Quote of the week

[T]he moral point of the matter is never reached by calling what happened by the name of ‘genocide’ or by counting the many millions of victims: extermination of whole peoples had happened before in antiquity, as well as in modern colonization. It is reached only when we realize this happened within the frame of a legal order and that the cornerstone of this ‘new law’ consisted of the command ‘Thou shall kill,’ not thy enemy but innocent people who were not even potentially dangerous, and not for any reason of necessity but, on the contrary, even against all military and other utilitarian calculations. … And these deeds were not committed by outlaws, monsters, or raving sadists, but by the most respected members of respectable society.

Hannah Arendt
Eichmann in Jerusalem: A Report on The Banality of Evil
10 July 2018

Belgium racism

In Belgium there is little to no self-reflection when it comes to essentializing players.
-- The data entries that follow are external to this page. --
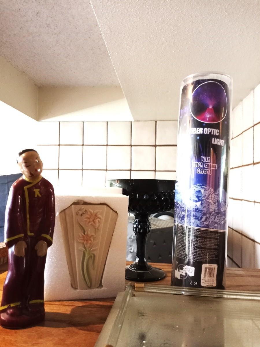ASIAN MAN AND WOMAN FIGURINES-TABLE MIRROR-PICTURE FRAMES-CANDY DISH-VASE-FIBEROPTIC LIGHT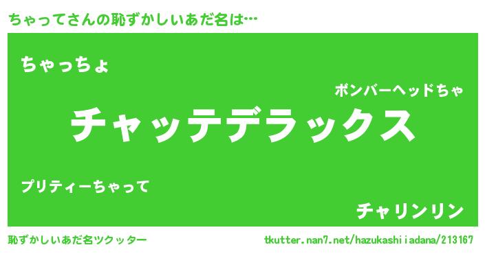 | 意味不明あだ名 | 『自称ちゃって』『ちゃってフォーエバー』 |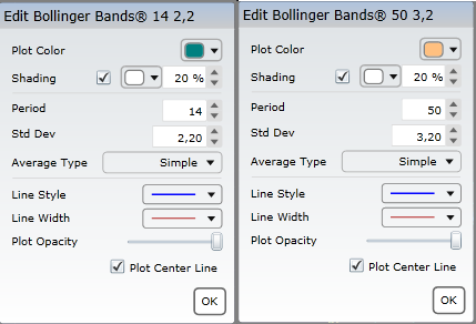 Para las bandas de 14 periodos usé 2,2 desviaciones y para la de 50 periodos usé 3,2, ¿Es esta la configuración propuesta? o ¿estoy malinterpretando?"El siguiente paso es mantener la tercera desviación típica para las bandas de período más corto y la segunda desviación en las de periodo más amplio, para que pueda obtener más intersecciones entre ambas bandas y por tanto más cruces también entre las bandas. Idealmente, los parámetros deberían ser 2,2 y 3,2 en lugar de 2 y 3 desviaciones."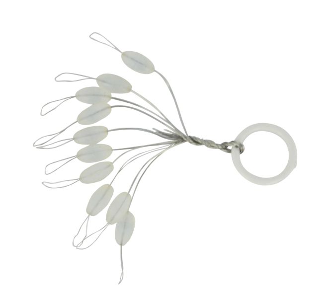 Robustné silikónové zarážky – oválne pre zaistenie sumcových plavákov, na ochranu uzlov a pod. Sú navlečené na drôtikoch s očkom čo uľahčí natiahnutie na silon alebo šnúru.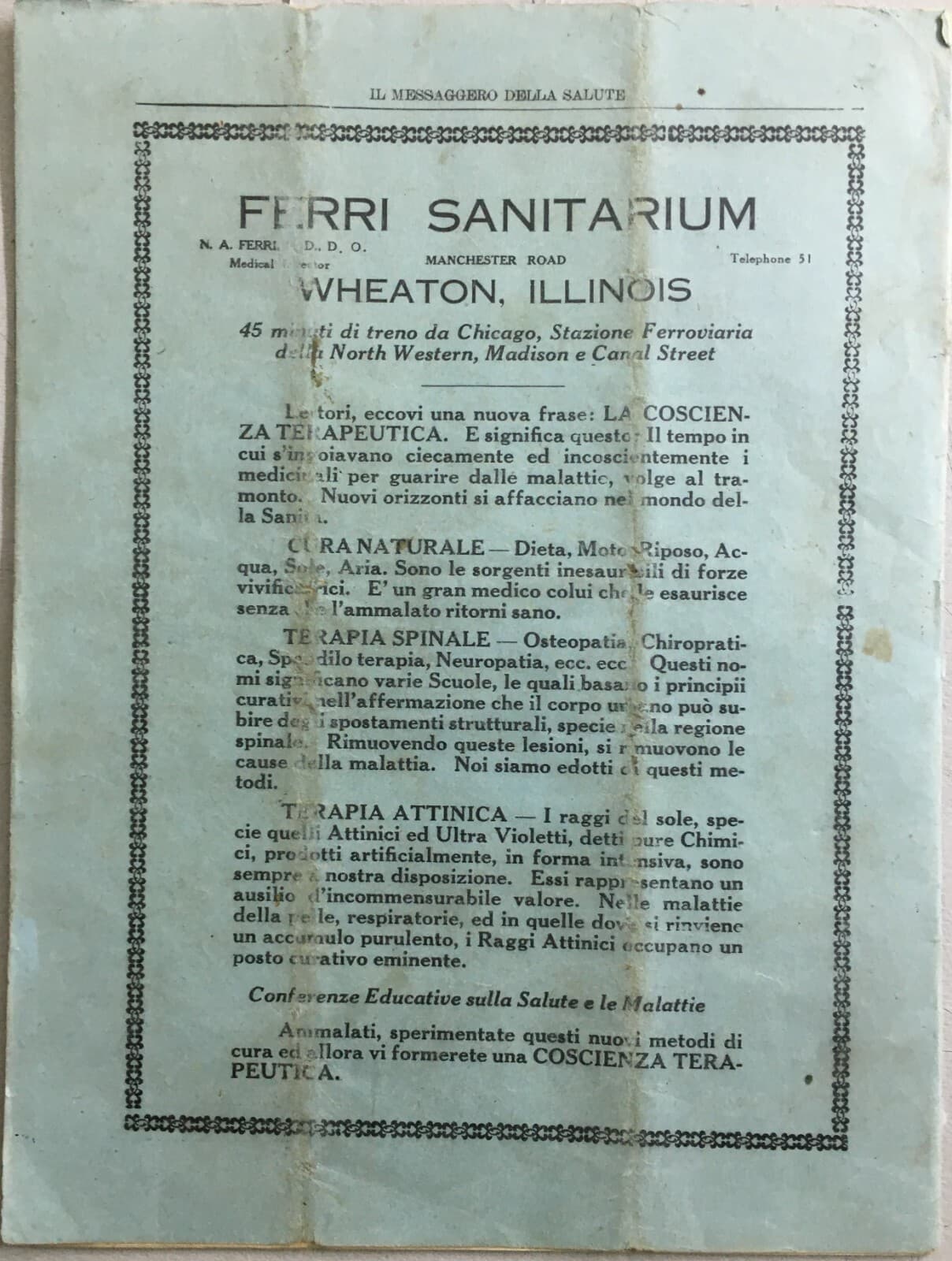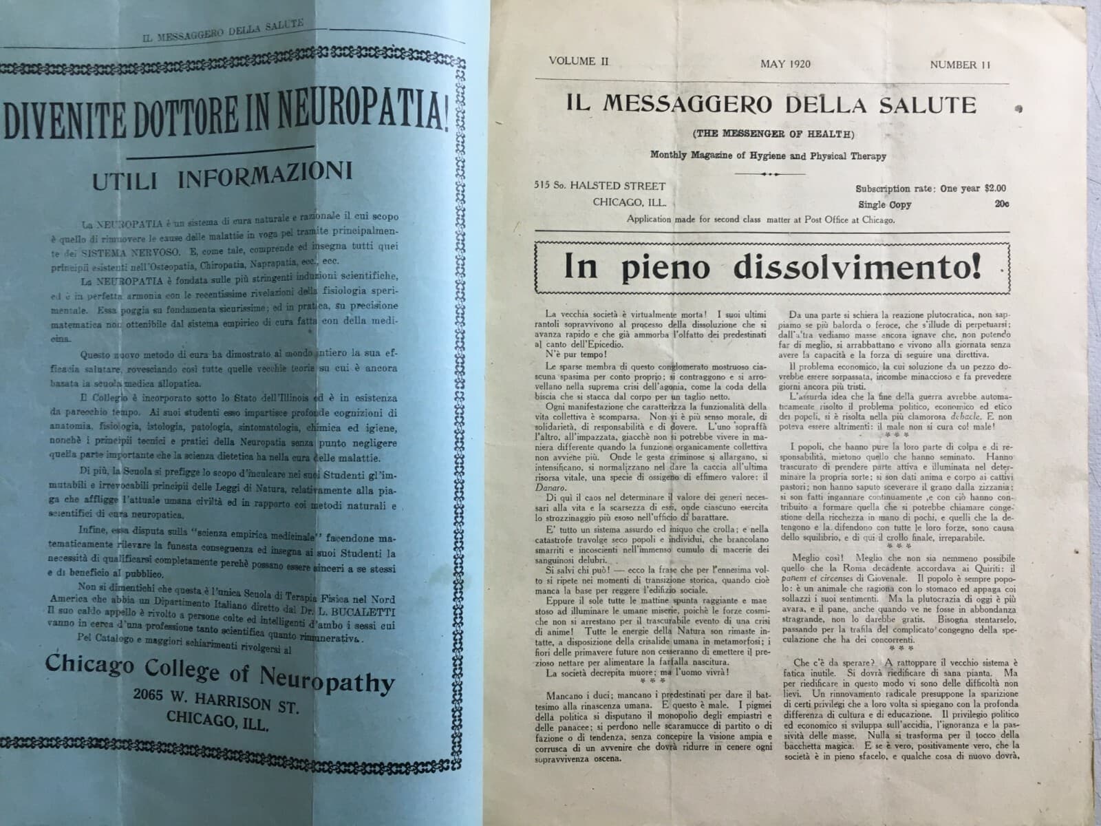 Medicina Alternativa, Osteopatia, Naturopatia, Chiropratica Ed Emigrazione A Chicago (1920)

In a recent column in quality newspaper, De Standaard, its editor Steven de Foer compared Vincent Kompany to a chocolate, “black on the outside but white on the inside” when discussing to his leadership skills and intelligence. De Foer also included this: “[Kompany is] still African when it comes to being late to practice”. De Foer’s article was supposed to be an in-depth analyses to figure out why this diverse team of players worked so well together as a team. Instead of saying something interesting about the diversity in Belgium’s national team or doing some real analyses about the skills of the players, he went the route of a 19th century anthropologist. Comparing a black player to a candy bar, deciding that another star, Eden Hazard, is kind of African because he likes a joke or making it the mixed players’ job to be a “bridge between cultures.”